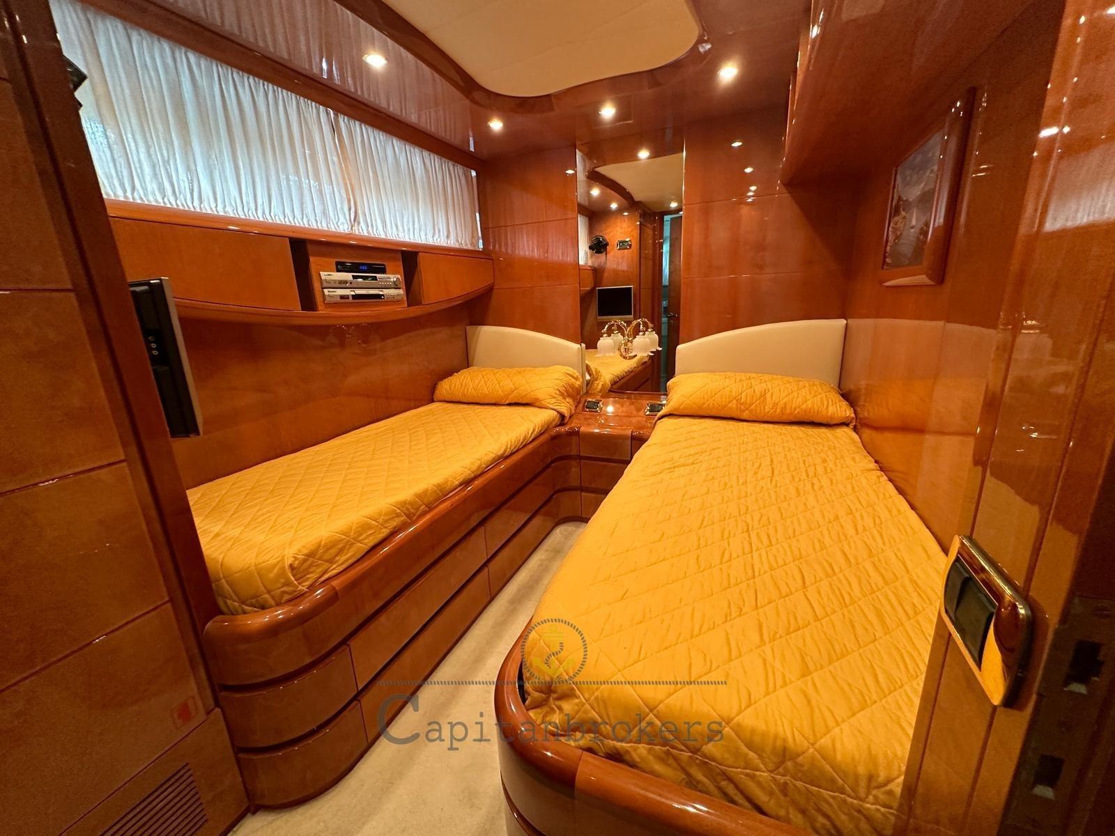 Anchor (Bruce 105 mt catena acciaio inox 2024), 2 Water pressure pump (2023), 8 Batteries, 5 Battery charger, Directional Spotlight, Tender Garage, Gangway (Idraulica), Platform (in teak), Teak Cockpit, Shorepower connector, Water harbor connector system, 2 Stern Winches, Bow Winches.
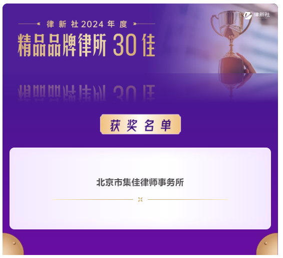 >完美对战平台>关于我们>荣誉概览>2025>完美对战平台入选律新社2024年度“精品品牌律所30佳” 集佳代理案例获评“律新社2024年度标杆案例”
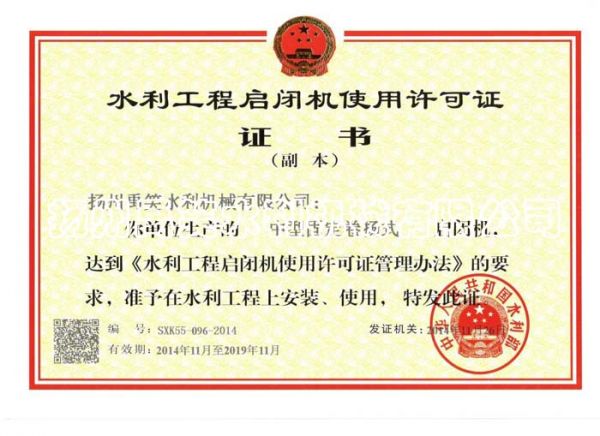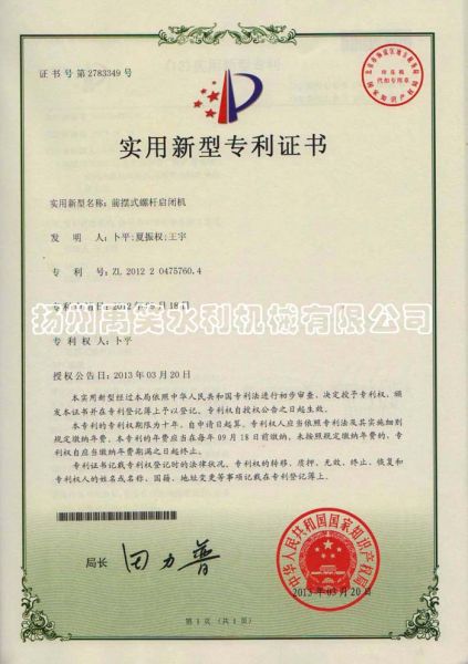 近年來(lái),公司憑借精干的技術(shù)力量自行研制出了螺旋線控啟閉機(jī)、前擺式螺桿啟閉機(jī),并獲得了中華人民共和國(guó)國(guó)家知識(shí)產(chǎn)權(quán)局頒發(fā)的專(zhuān)利證書(shū),豐富了用于鋼壩閘門(mén)一啟閉機(jī)的種類(lèi),并得到了廣泛的推廣利用,在行業(yè)中取得了一致認(rèn)可。
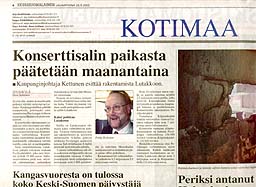 TOIMITUS. Päätoimittaja. Yhteydenotto: nettisanomat@hotmail.com. Copyright nettisanomat.com 2003/218. Sivut valmisti Pertti Manninen 02.10.2003, (October 2, 2003 21:16). Vanhempi kesätoimittaja ja kesätoimittaja. Kuvannut Pertti Manninen. 2003/10/02 - nettisanomat.com - Jyväskylä - Keisarin uudet vaatteet. - Konserttitalon paikasta päätetään maanantaina. Kaupunginjohtaja Kettunen esittää rakentamista Lutakkoon. - Keskisuomalainen lauantaina 20.09.2003. Kotimaa. Eeva Salminen. - Näin aloitettiin! Jyväskylän kaupunkikuva köyhtymässä. - Näin jatkettiin! Harjun huminaa. - Näin selitettiin! Viikon Kettunen. - Kaupunginjohtaja Pekka Kettusen osallistuminen Keski-Suomen Puhelimen (Puhelin) kaappausyritykseen! - Kaupunginjohtaja Pekka Kettusen luonteenpiirteitä! - Kaupunginjohtaja Pekka Kettusen sosialisointihanke! - Kaija-Leena Kaijaluoto - Sonera - Paviljonki - kaupunkikuva - Rhodorendron - arkkitehtuurikilpailu - 02.10.2003 - avoin - joka torstai - kuva - kuvat - pertti manninen - nettisanomat. |
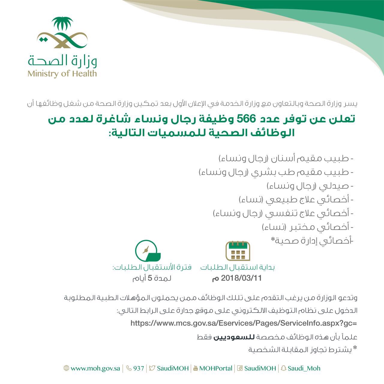 نظام التوظيف الالكتروني وزارة الصحة
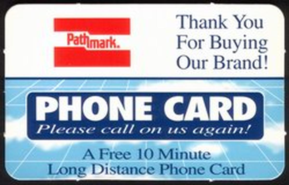 This collectible phone card features branding and promotional information related to PathMark Brand Drugs and Perrigo Generic Pain Reliever. The design includes the text "drug stores, pharmacies, pharmaceuticals, pharmacy, drugs, prescriptions, drug retailer, chain stores," clearly highlighting the pharmaceutical retail theme. The card also displays the mention of "Perrigo Generic Pain Reliever Promo," indicating a specific promotional focus on generic pain relief medication. The name "PathMark" is prominently shown, identifying the card’s connection to that retail chain.
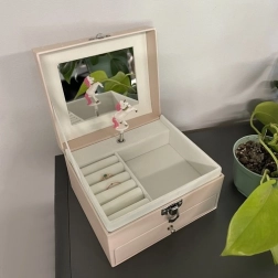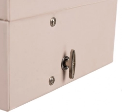 Oglindă mare în capac pentru a proba ușor bijuteriile și o clapetă metalică ce păstrează comorile în siguranță chiar și în călătorii.
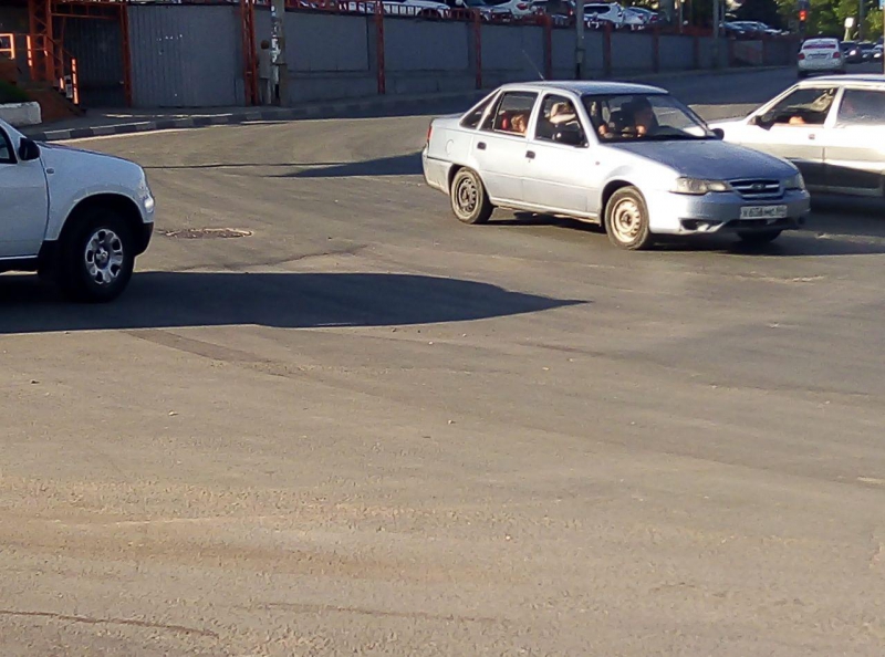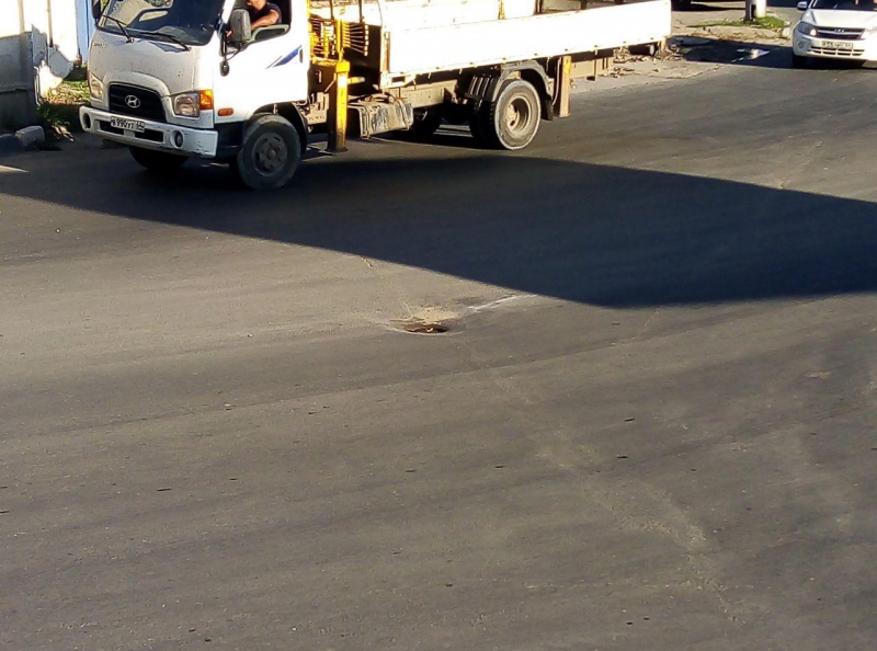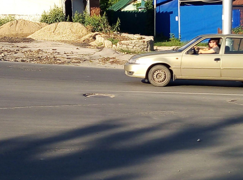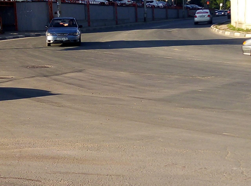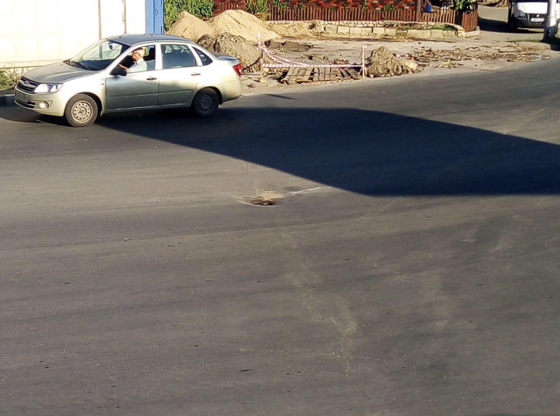 На дороге Дружбы движение на опасном повороте, на пересечении с улицей Рабочей, осложнено просевшими люками и просадками покрытия.
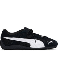 Low-top mesh and suede sneakers in black. · Cutout and lace-up closure at vamp · Elasticized strap at padded collar · Quilted Formstrip at sides · Logo embroidered at outer side and heel tab · Cushioned OrthoLite® footbed · Mesh lining · Treaded rubber sole Supplier color: PUMA black/PUMA white Upper: leather, textile. Sole: rubber. Made in Viet Nam 252010F128015
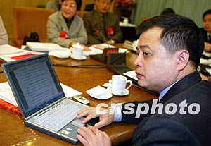 全國人大代表、浙江正泰集團(tuán)公司董事長南存輝,七日在浙江代表團(tuán)審議會上使用電腦修改發(fā)言稿。在今年的人代會上,很多代表都是攜帶電腦參會。作者:毛建軍
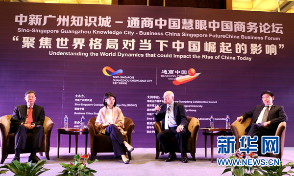 图为中新广州知识城-通商中国慧眼中国商务论坛沙龙环节。从左到右依次为:新加坡前交通部部长吕德耀,新加坡通商中国总裁孙雪玲,剑桥大学政治与国际关系学院高级研究员马丁·雅克,中新广州知识城投资开发有限公司总裁黄国祥。(王厚启 摄)
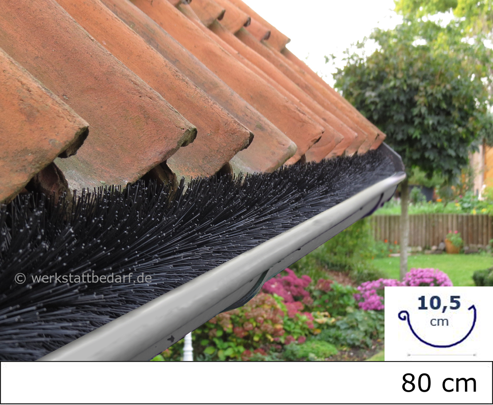 Die Bürste erfüllt ihre Wirkung nur zuverlässig, wenn sie dem Durchmesser Ihrer Dachrinne angepasst ist. Nur so verhindern Sie, dass sie vom Wind herausgeweht werden kann.
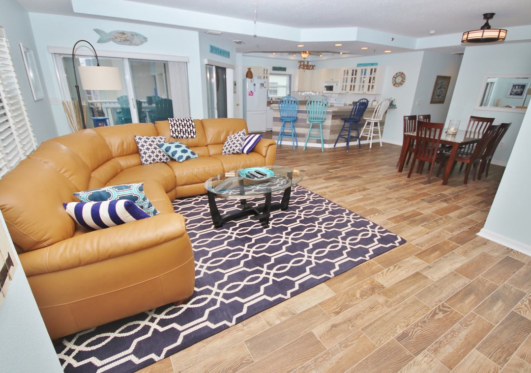 Oceanwalk 7-501 is a vibrant, modern 3-bedroom, 2-bathroom condo that offers the perfect beachside retreat for families and their pets. The spacious, 1,700-square-foot layout is filled with beachy blue hues and coastal accents, creating a relaxing atmosphere. The open living area features a plush leather sectional and flat-screen TV, while the fully equipped kitchen boasts cream cabinetry, marble countertops, and all the essentials for cooking. Enjoy meals at the dining table for six or the breakfast bar, and relax on the private balcony with its new screens, fans, and outdoor dining set.
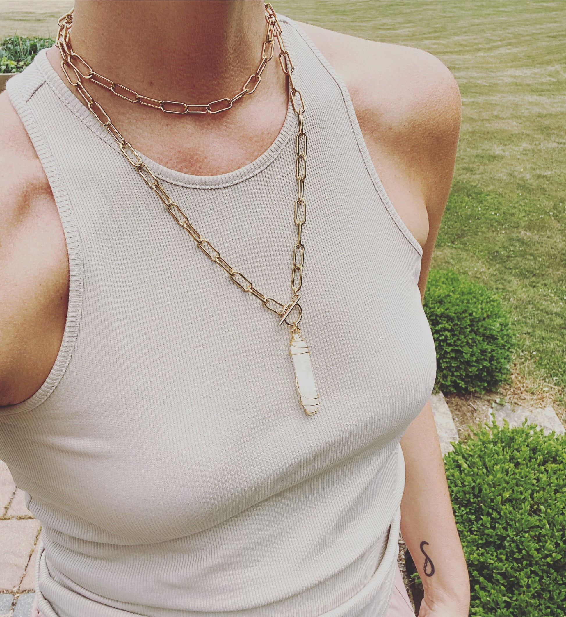 Clear Quartz is one of the most powerful stones. It cleanses negative energy, it heals the body, it stimulates positivity and it brings the body into balance. Wearing this beautiful double wrap necklace will bring those powers into your being. This necklace is created with 38 inches of golden stainless steel paper clip chain, a stainless steel toggle and a natural clear quartz pendant.
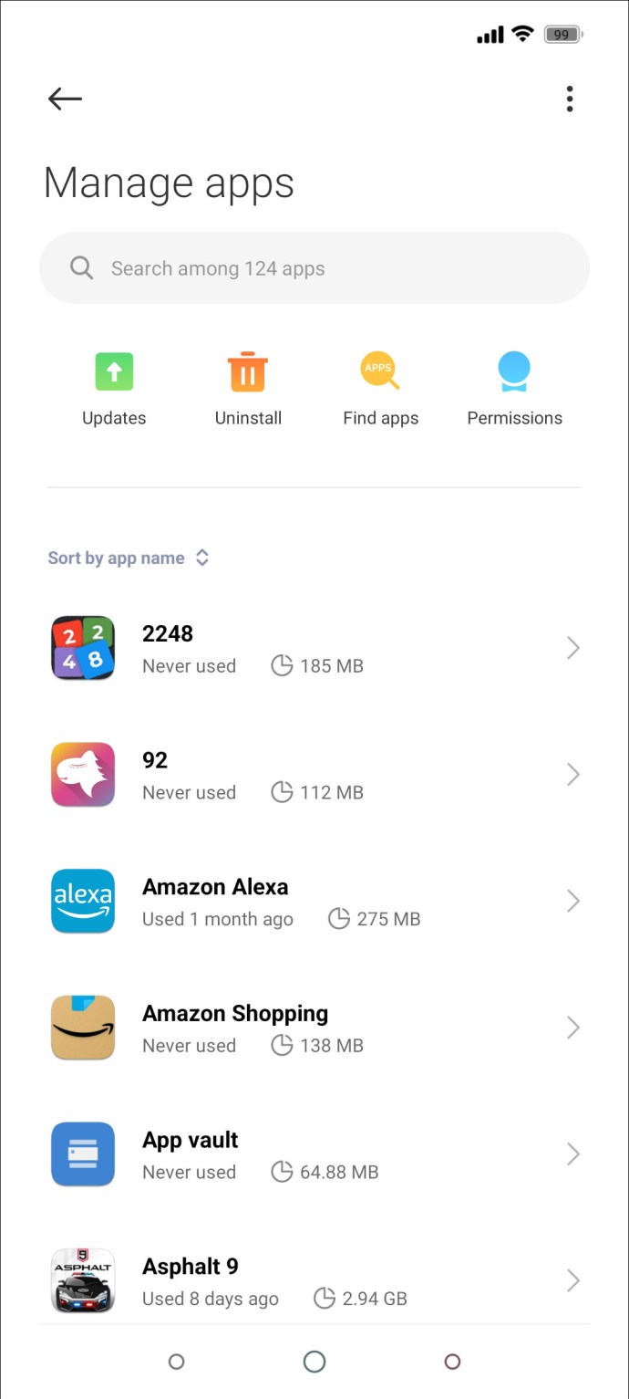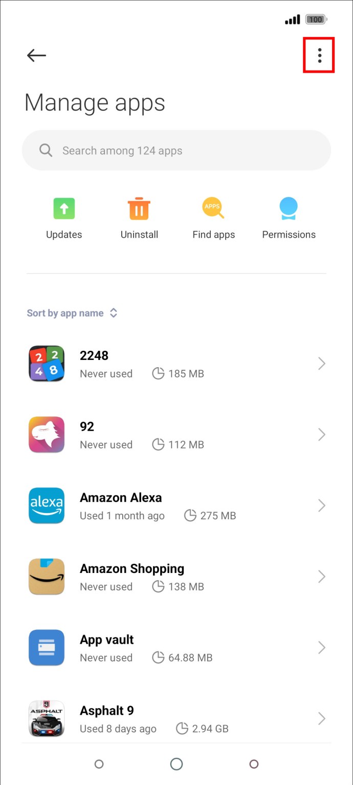 Scrollen Sie nach unten durch die Liste der auf Ihrem Telefon installierten Apps.

### PROBLEM DETAILS:
Reproduce every line above exactly, pictures excluded.

### WRITTEN ANSWER:
 Anchor (Bruce 105 mt catena acciaio inox 2024), 2 Water pressure pump (2023), 8 Batteries, 5 Battery charger, Directional Spotlight, Tender Garage, Gangway (Idraulica), Platform (in teak), Teak Cockpit, Shorepower connector, Water harbor connector system, 2 Stern Winches, Bow Winches.
 >完美对战平台>关于我们>荣誉概览>2025>完美对战平台入选律新社2024年度“精品品牌律所30佳” 集佳代理案例获评“律新社2024年度标杆案例”
 近年來(lái),公司憑借精干的技術(shù)力量自行研制出了螺旋線控啟閉機(jī)、前擺式螺桿啟閉機(jī),并獲得了中華人民共和國(guó)國(guó)家知識(shí)產(chǎn)權(quán)局頒發(fā)的專(zhuān)利證書(shū),豐富了用于鋼壩閘門(mén)一啟閉機(jī)的種類(lèi),并得到了廣泛的推廣利用,在行業(yè)中取得了一致認(rèn)可。
 TOIMITUS. Päätoimittaja. Yhteydenotto: nettisanomat@hotmail.com. Copyright nettisanomat.com 2003/218. Sivut valmisti Pertti Manninen 02.10.2003, (October 2, 2003 21:16). Vanhempi kesätoimittaja ja kesätoimittaja. Kuvannut Pertti Manninen. 2003/10/02 - nettisanomat.com - Jyväskylä - Keisarin uudet vaatteet. - Konserttitalon paikasta päätetään maanantaina. Kaupunginjohtaja Kettunen esittää rakentamista Lutakkoon. - Keskisuomalainen lauantaina 20.09.2003. Kotimaa. Eeva Salminen. - Näin aloitettiin! Jyväskylän kaupunkikuva köyhtymässä. - Näin jatkettiin! Harjun huminaa. - Näin selitettiin! Viikon Kettunen. - Kaupunginjohtaja Pekka Kettusen osallistuminen Keski-Suomen Puhelimen (Puhelin) kaappausyritykseen! - Kaupunginjohtaja Pekka Kettusen luonteenpiirteitä! - Kaupunginjohtaja Pekka Kettusen sosialisointihanke! - Kaija-Leena Kaijaluoto - Sonera - Paviljonki - kaupunkikuva - Rhodorendron - arkkitehtuurikilpailu - 02.10.2003 - avoin - joka torstai - kuva - kuvat - pertti manninen - nettisanomat. |
 نظام التوظيف الالكتروني وزارة الصحة
 This collectible phone card features branding and promotional information related to PathMark Brand Drugs and Perrigo Generic Pain Reliever. The design includes the text "drug stores, pharmacies, pharmaceuticals, pharmacy, drugs, prescriptions, drug retailer, chain stores," clearly highlighting the pharmaceutical retail theme. The card also displays the mention of "Perrigo Generic Pain Reliever Promo," indicating a specific promotional focus on generic pain relief medication. The name "PathMark" is prominently shown, identifying the card’s connection to that retail chain.
 Oglindă mare în capac pentru a proba ușor bijuteriile și o clapetă metalică ce păstrează comorile în siguranță chiar și în călătorii.
 На дороге Дружбы движение на опасном повороте, на пересечении с улицей Рабочей, осложнено просевшими люками и просадками покрытия.
 Low-top mesh and suede sneakers in black. · Cutout and lace-up closure at vamp · Elasticized strap at padded collar · Quilted Formstrip at sides · Logo embroidered at outer side and heel tab · Cushioned OrthoLite® footbed · Mesh lining · Treaded rubber sole Supplier color: PUMA black/PUMA white Upper: leather, textile. Sole: rubber. Made in Viet Nam 252010F128015
 全國人大代表、浙江正泰集團(tuán)公司董事長南存輝,七日在浙江代表團(tuán)審議會上使用電腦修改發(fā)言稿。在今年的人代會上,很多代表都是攜帶電腦參會。作者:毛建軍
 图为中新广州知识城-通商中国慧眼中国商务论坛沙龙环节。从左到右依次为:新加坡前交通部部长吕德耀,新加坡通商中国总裁孙雪玲,剑桥大学政治与国际关系学院高级研究员马丁·雅克,中新广州知识城投资开发有限公司总裁黄国祥。(王厚启 摄)
 Die Bürste erfüllt ihre Wirkung nur zuverlässig, wenn sie dem Durchmesser Ihrer Dachrinne angepasst ist. Nur so verhindern Sie, dass sie vom Wind herausgeweht werden kann.
 Oceanwalk 7-501 is a vibrant, modern 3-bedroom, 2-bathroom condo that offers the perfect beachside retreat for families and their pets. The spacious, 1,700-square-foot layout is filled with beachy blue hues and coastal accents, creating a relaxing atmosphere. The open living area features a plush leather sectional and flat-screen TV, while the fully equipped kitchen boasts cream cabinetry, marble countertops, and all the essentials for cooking. Enjoy meals at the dining table for six or the breakfast bar, and relax on the private balcony with its new screens, fans, and outdoor dining set.
 Clear Quartz is one of the most powerful stones. It cleanses negative energy, it heals the body, it stimulates positivity and it brings the body into balance. Wearing this beautiful double wrap necklace will bring those powers into your being. This necklace is created with 38 inches of golden stainless steel paper clip chain, a stainless steel toggle and a natural clear quartz pendant.
 Scrollen Sie nach unten durch die Liste der auf Ihrem Telefon installierten Apps.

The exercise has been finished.